Holy Terror

Apparently being chosen by God for something wonderful is also a bit scary.

Think about it– every time angels show up, there is the admonition to “fear not!” 

Have you ever noticed how often through the nativity story (and scripture as a whole) people are told to fear not? This thread of response leads me to believe that having an angel appearance and invitation may not be so much comforting and exciting, as shocking and terrifying. 

When God’s call is revealed in our lives, most often it is overwhelming because God asks of us things we cannot do on our own. God invites us to be challenged, to be vulnerable, and to be reliant on the Spirit’s guidance. 

When God invites us to participate in the kingdom it requires giving our very selves.

Our culture says that pain and discomfort are to be avoided at all costs. But the stories of our faith tradition remind us that grief and joy, lament and rejoicing, excitement and terror are all a part of what it means to be a disciple of Christ.

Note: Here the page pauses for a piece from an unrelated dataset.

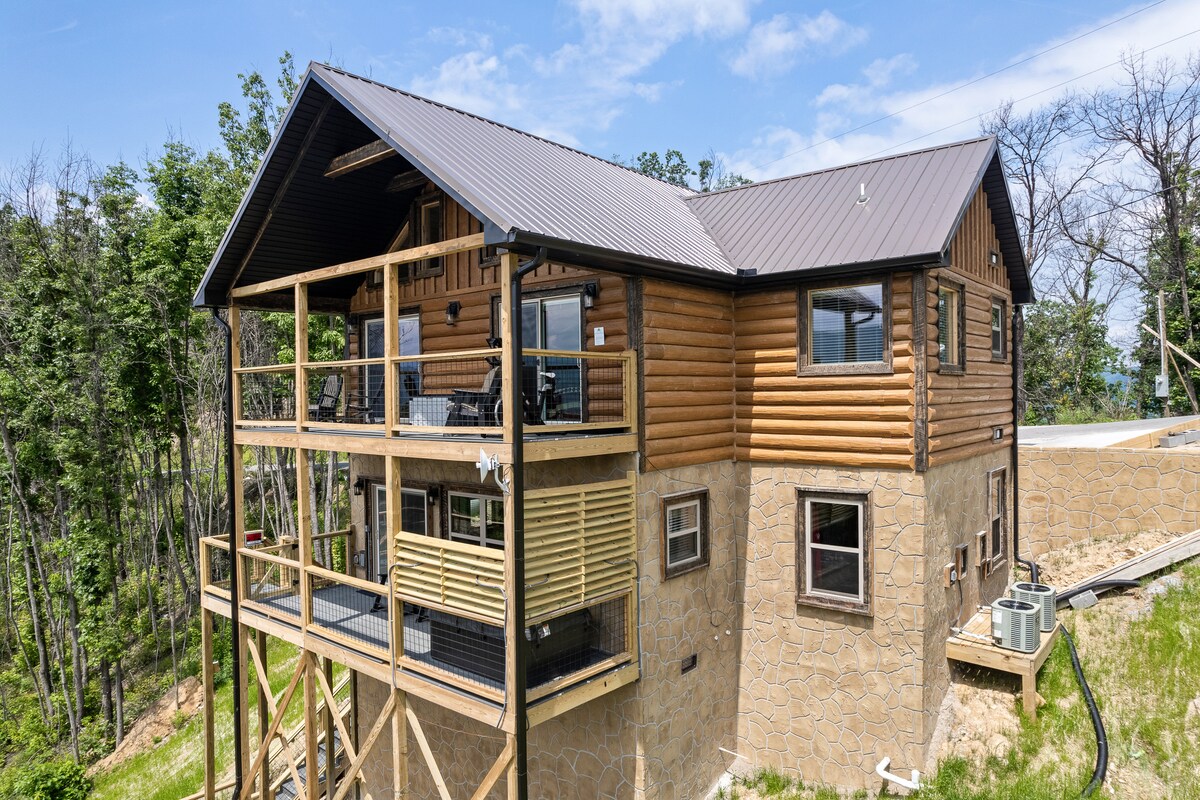 Приголомшливий новий зруб у ірландському стилі Nat'l Park із прекрасним видом на долину. 2 спальні, 2 ванні кімнати, 2 кам 'яні каміни. Біля вершини гори. 6 миль до Піджен-Фордж, 13 миль до Гатлінбурга. Легко їхати по чудовій дорозі. Задні дороги уникають руху на паркувальній дорозі. 2 ліжка «king-size» та 1 спальне місце «queen-size». 2 відкриті тераси з гідромасажною ванною на терасі та джакузі в приміщенні. Велосипед та обладнання для тренувань. Кінотеатр із 75-дюймовим телевізором і об 'ємним звуком, надшвидкий Wi-Fi. Кухня шеф-кухаря, газова плита. Гриль Weber. Пральня. Активний/Ret. Military/LE 10% знижка.

Mary’s song (Luke 1:46-55) is this beautiful proclamation of God’s favor and blessing. Despite her initial fear and hesitation, Mary yields to God’s invitation for her life.

What is often reduced to a simple plot point on the timeline of Christ’s arrival is a very complex and amazing story of its own. Mary’s joy was first an individual and internal faith experience. 

This series of events began because of God’s specific call to one person who said yes. And yet to be made fully known, this experience had to unfold over time and be made known to all. Mary’s great joy took great trust and great patience. 

What might God be inviting you to do?

How can you demonstrate great trust?


Drawn from a chapel talk prepared for Central Christian School this is part three of three Advent Reflections.